Fri, Oct 25th 2024 01:30pm - Glyn Moody

The copyright world is currently trying to assert its control over the new world of generative AI through a number of lawsuits, several of which have been discussed previously on Walled Culture. We now have our first decision in this area, from the regional court in Hamburg. Andres Guadamuz has provided an excellent detailed analysis of a ruling that is important for the German judges’ discussion of how EU copyright law applies to various aspects of generative AI. The case concerns the freely-available dataset from LAION (Large-scale Artificial Intelligence Open Network), a German non-profit. As the LAION FAQ says: “LAION datasets are simply indexes to the internet, i.e. lists of URLs to the original images together with the ALT texts found linked to those images.” Guadamuz explains:

The case was brought by German photographer Robert Kneschke, who found that some of his photographs had been included in the LAION dataset. He requested the images to be removed, but LAION argued that they had no images, only links to where the images could be found online. Kneschke argued that the process of collecting the dataset had included making copies of the images to extract information, and that this amounted to copyright infringement.
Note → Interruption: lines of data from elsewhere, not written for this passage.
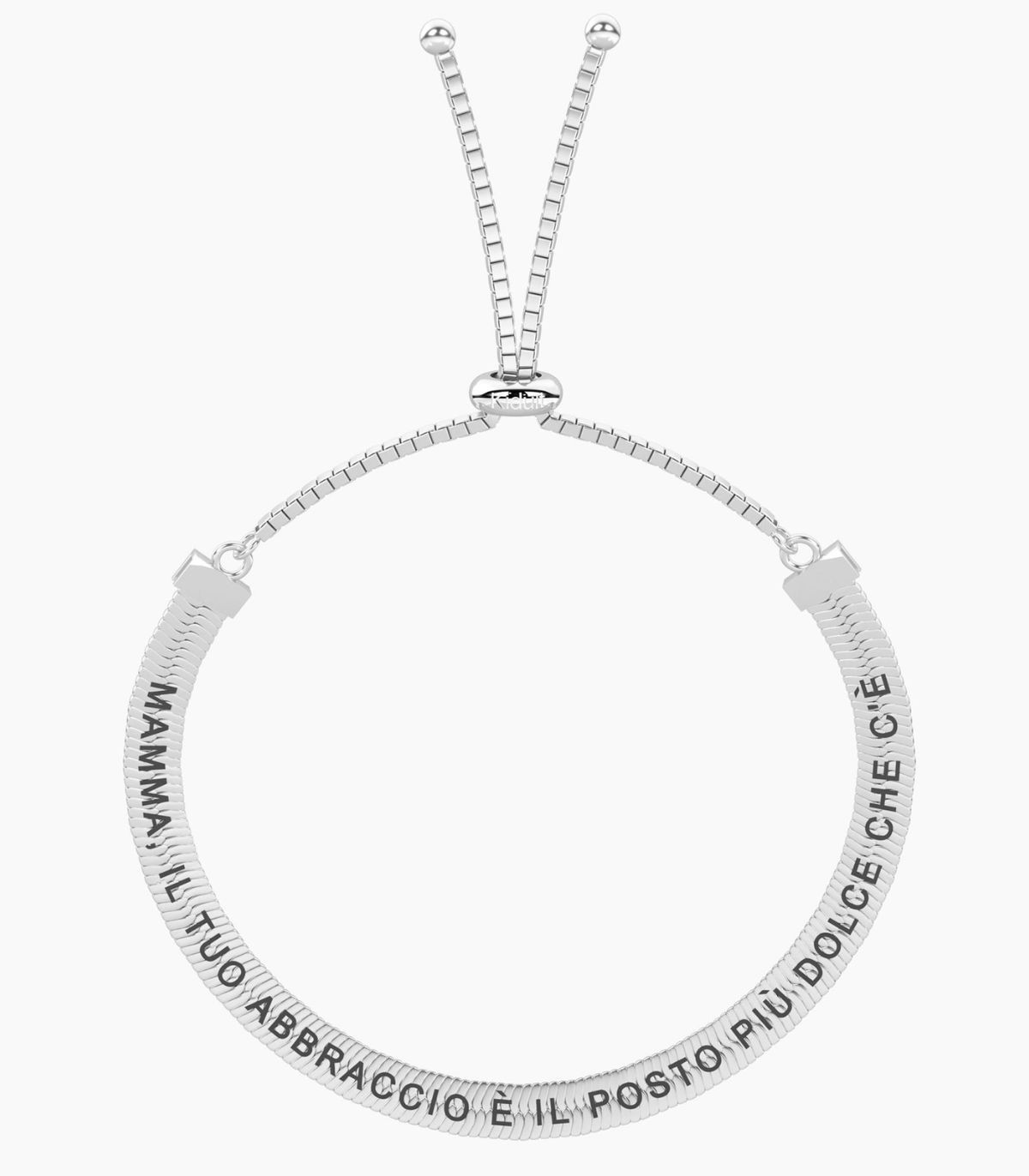 Bracciale Kidult da donna regolabile con catena veneta in herringbone e acciaio lucido e satinato. Scritta "Mamma, il tuo abbraccio è il posto più dolce che c'è".
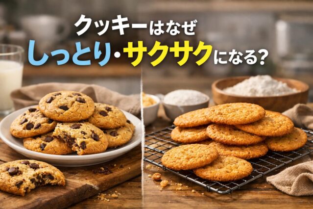実は、水分の残り方、砂糖やバターの性質、卵や粉の配合、焼き方や冷まし方までが複雑に関わって、「しっとり」と「サクサク」の差を生み出しています。
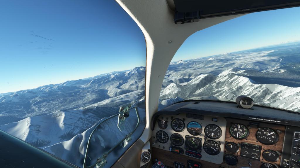 This was another runner up for one of the most beautiful and sunning flights I’ve ever done in a flight simulator. One of the things that I love to see is the transition between one very distinct set of geological formations to another. In this case going from snowy mountains to a red-sand desert region and the world famous Buttes.

LAION admitted making copies, but said that it was in compliance with the exception for text and data mining (TDM) present in German law, which is a transposition of Article 3 of the 2019 EU Copyright Directive. The German judges agreed:

The court argued that while LAION had been used by commercial organisations, the dataset itself had been released to the public free of charge, and no evidence was presented that any commercial body had control over its operations. Therefore, the dataset is non-commercial and for scientific research. So LAION’s actions are covered by section 60d of the German Copyright Act

That’s good news for LAION and its dataset, but perhaps more interesting for the general field of generative AI is the court’s discussion of how the EU Copyright Directive and its exceptions apply to AI training. It’s a key question because copyright companies claim that they don’t, and that when such training involves copyright material, permission is needed to use it. Guadamuz summarizes that point of view as follows:

the argument is that the legislators didn’t intend to cover generative AI when they passed the [EU Copyright Directive], so text and data mining does not cover the training of a model, just the making of a copy to extract information from it. The argument is that making a copy to extract information to create a dataset is fine, as the court agreed here, but the making of a copy in order to extract information to make a model is not. I somehow think that this completely misses the way in which a model is trained; a dataset can have copies of a work, or in the case of LAION, links to the copies of the work. A trained model doesn’t contain copies of the works with which it was trained, and regurgitation of works in the training data in an output is another legal issue entirely.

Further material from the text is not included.